[Start of section]

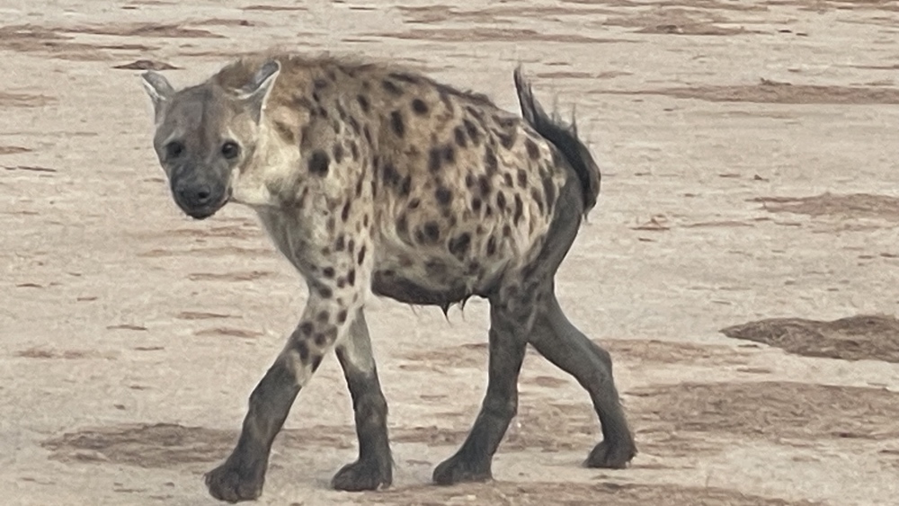 Some of the other animals we saw included warthog, hyena, kudu, zebra and buffalo. At one of the dams we saw a heron sucessfully catch a large fish.
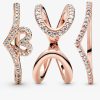 Rose, on rose, on rose and a whole lotta sparkle! This rose gold-plated ring set is absolutely fabulous. Wear it as a ring stack all on one finger or wear one on each finger. Either way, this ring set is sure to slay!
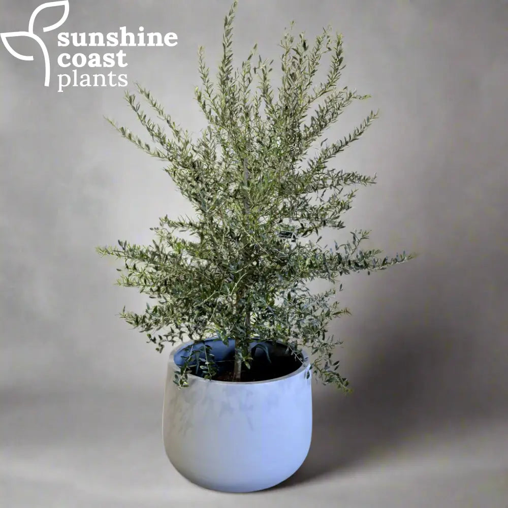 Olea europaea ‘Manzanillo’ is a highly regarded evergreen olive tree known for its attractive silver-green foliage, gnarled trunk character as it ages, and high-quality fruit production. This Spanish variety is widely cultivated for its plump, juicy olives used for both oil and table consumption. With its dense crown and ornamental value, ‘Manzanillo’ is equally suited as a feature tree, hedge, or productive element in edible and Mediterranean-style gardens. It typically grows to 4–6 metres in height.
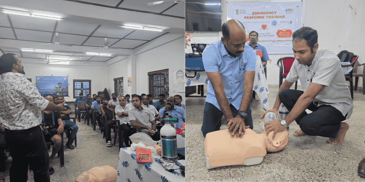 India Tourism, Sri Vijayapuram, Ministry of Tourism, Government of India, in collaboration with the Adventure Tour Operators Association of India (ATOAI), successfully organised a comprehensive Emergency Response Training Programme at the Panchayat Hall in Govind Nagar, Swaraj Dweep. The initiative was designed to enhance the safety preparedness of frontline tourism personnel who play a crucial role in ensuring the well-being of visitors in this high-activity island destination.
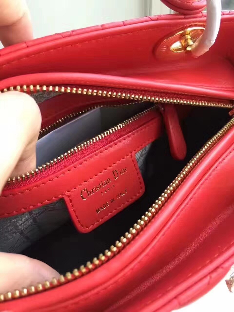 – Dior jacquard textile lining with one zip pocket
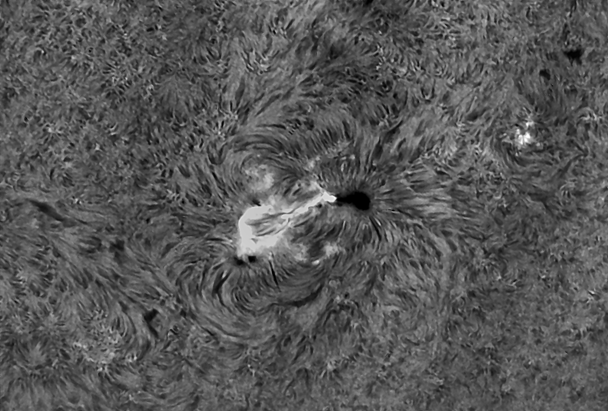 Außer dieser Fackel mit ihren begleitenden Flecken und Magnetfeldlinien war am 7.8. auf der Sonnenscheibe nicht viel los.
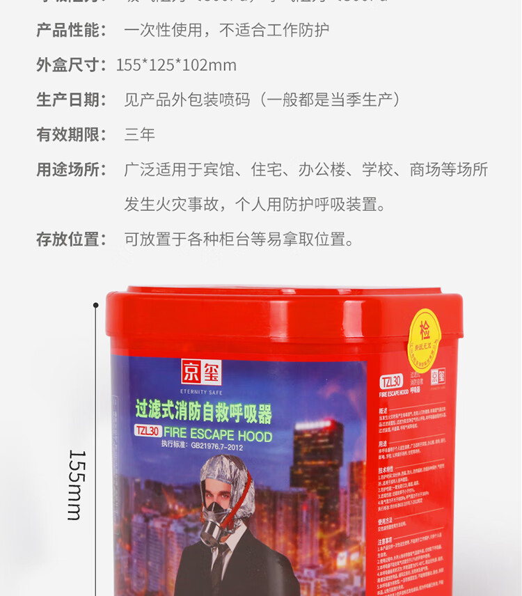Jingxi gas mask fire mask anti-smoke fire mask 3C certified escape filter self-rescuing respirator TZL30
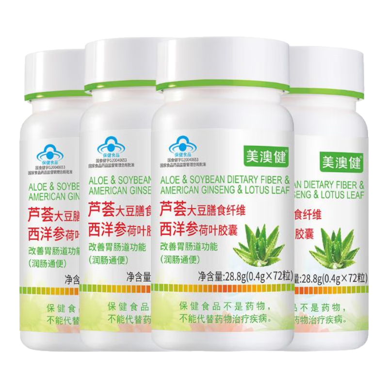 美澳健(MEIAOJIAN)芦荟胶囊大豆膳食纤维西洋参荷叶胶囊润肠通便秘成人中老年清宿便 芦荟胶囊 72粒*4瓶 (无赠品)
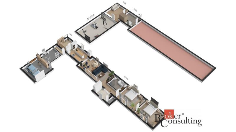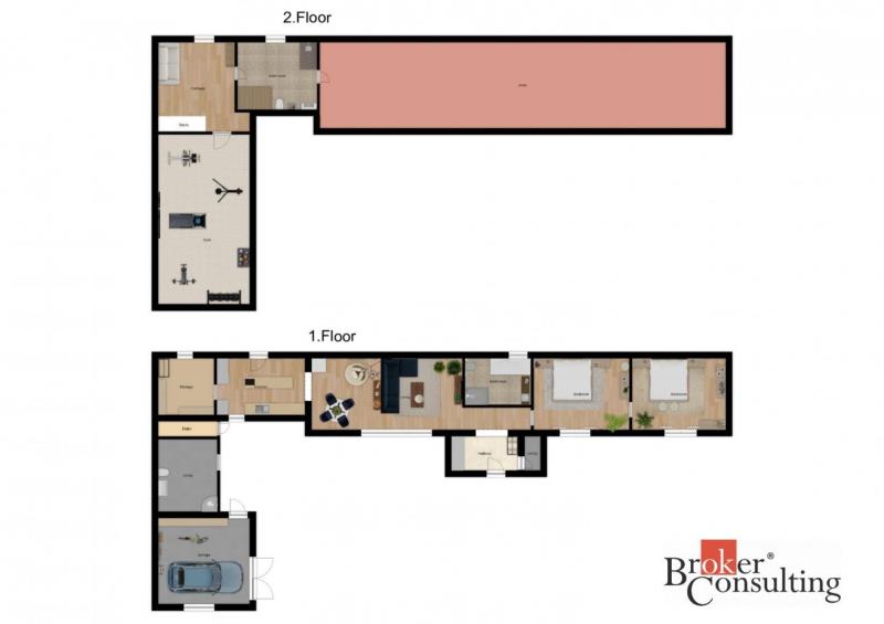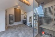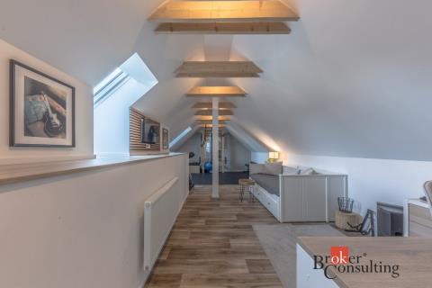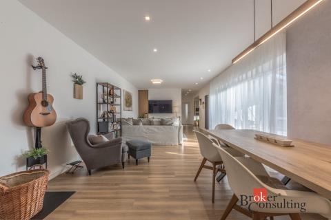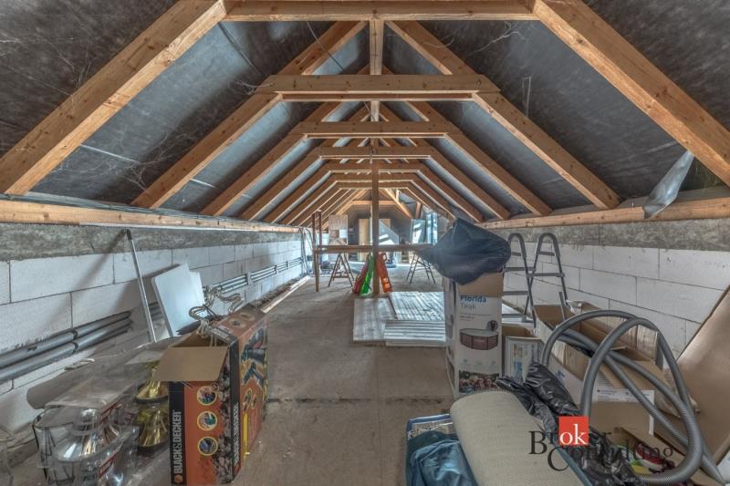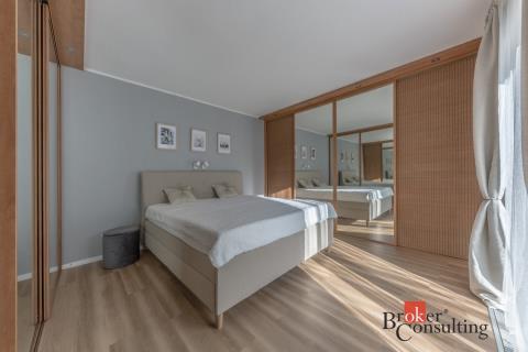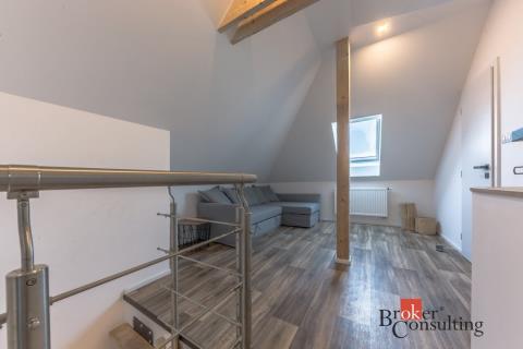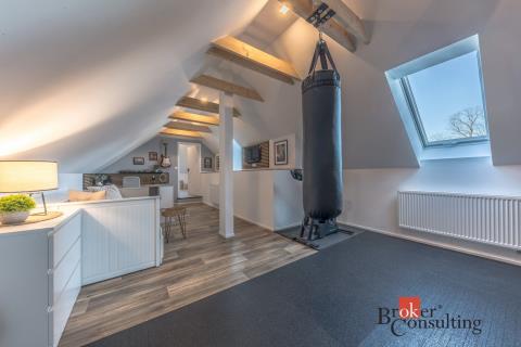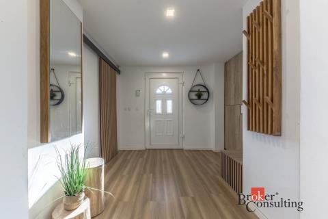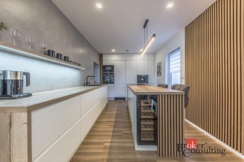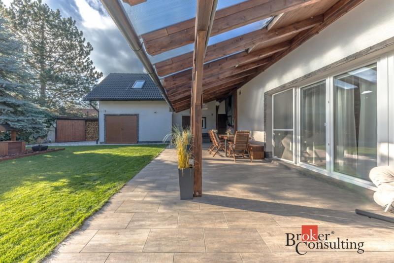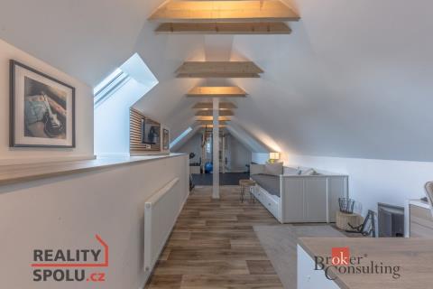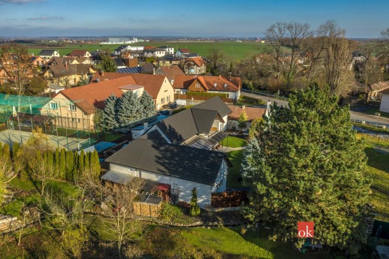 Dispozice domu: na přízemí se nachází vstupní hala, koupelna s vanou, sprchovým koutem, toaletou s umyvadlem, dvěma ložnicemi, kde každá disponuje prostornou vestavnou šatní skříní. Světlý obývací pokoj s jídelnou je útulný i díky krbovým kamnům, navazující kuchyň umožňuje propojení s obývacím pokojem, je zde i prostorný špajz. Z kuchyně je přímý vstup na terásku za domem, kde lze ráno ráno posnídat. Hlavní venkovní sezení je situované u obývacího pokoje v zahradě. Samostatně přístupná technická místnost, která slouží i jako prádelna, s pračkou a se sušičkou je hned vedle garáže (22 m2). Do patra se dostaneme po točitých schodech, tuto část majitelé využívají pro relaxaci. Najdeme zde velkou koupelnu s toaletou, se sprchovým koutem, saunou, odpočívárnu a prostornou pracovnu s fitness koutem.

[End of section]

_PROBLEM_. Everything in the entries except the pictures must be duplicated exactly.

_TASK RESULT_.
 Some of the other animals we saw included warthog, hyena, kudu, zebra and buffalo. At one of the dams we saw a heron sucessfully catch a large fish.
 Rose, on rose, on rose and a whole lotta sparkle! This rose gold-plated ring set is absolutely fabulous. Wear it as a ring stack all on one finger or wear one on each finger. Either way, this ring set is sure to slay!
 Olea europaea ‘Manzanillo’ is a highly regarded evergreen olive tree known for its attractive silver-green foliage, gnarled trunk character as it ages, and high-quality fruit production. This Spanish variety is widely cultivated for its plump, juicy olives used for both oil and table consumption. With its dense crown and ornamental value, ‘Manzanillo’ is equally suited as a feature tree, hedge, or productive element in edible and Mediterranean-style gardens. It typically grows to 4–6 metres in height.
 India Tourism, Sri Vijayapuram, Ministry of Tourism, Government of India, in collaboration with the Adventure Tour Operators Association of India (ATOAI), successfully organised a comprehensive Emergency Response Training Programme at the Panchayat Hall in Govind Nagar, Swaraj Dweep. The initiative was designed to enhance the safety preparedness of frontline tourism personnel who play a crucial role in ensuring the well-being of visitors in this high-activity island destination.
 – Dior jacquard textile lining with one zip pocket
 Außer dieser Fackel mit ihren begleitenden Flecken und Magnetfeldlinien war am 7.8. auf der Sonnenscheibe nicht viel los.
Jingxi gas mask fire mask anti-smoke fire mask 3C certified escape filter self-rescuing respirator TZL30
 美澳健(MEIAOJIAN)芦荟胶囊大豆膳食纤维西洋参荷叶胶囊润肠通便秘成人中老年清宿便 芦荟胶囊 72粒*4瓶 (无赠品)
 Dispozice domu: na přízemí se nachází vstupní hala, koupelna s vanou, sprchovým koutem, toaletou s umyvadlem, dvěma ložnicemi, kde každá disponuje prostornou vestavnou šatní skříní. Světlý obývací pokoj s jídelnou je útulný i díky krbovým kamnům, navazující kuchyň umožňuje propojení s obývacím pokojem, je zde i prostorný špajz. Z kuchyně je přímý vstup na terásku za domem, kde lze ráno ráno posnídat. Hlavní venkovní sezení je situované u obývacího pokoje v zahradě. Samostatně přístupná technická místnost, která slouží i jako prádelna, s pračkou a se sušičkou je hned vedle garáže (22 m2). Do patra se dostaneme po točitých schodech, tuto část majitelé využívají pro relaxaci. Najdeme zde velkou koupelnu s toaletou, se sprchovým koutem, saunou, odpočívárnu a prostornou pracovnu s fitness koutem.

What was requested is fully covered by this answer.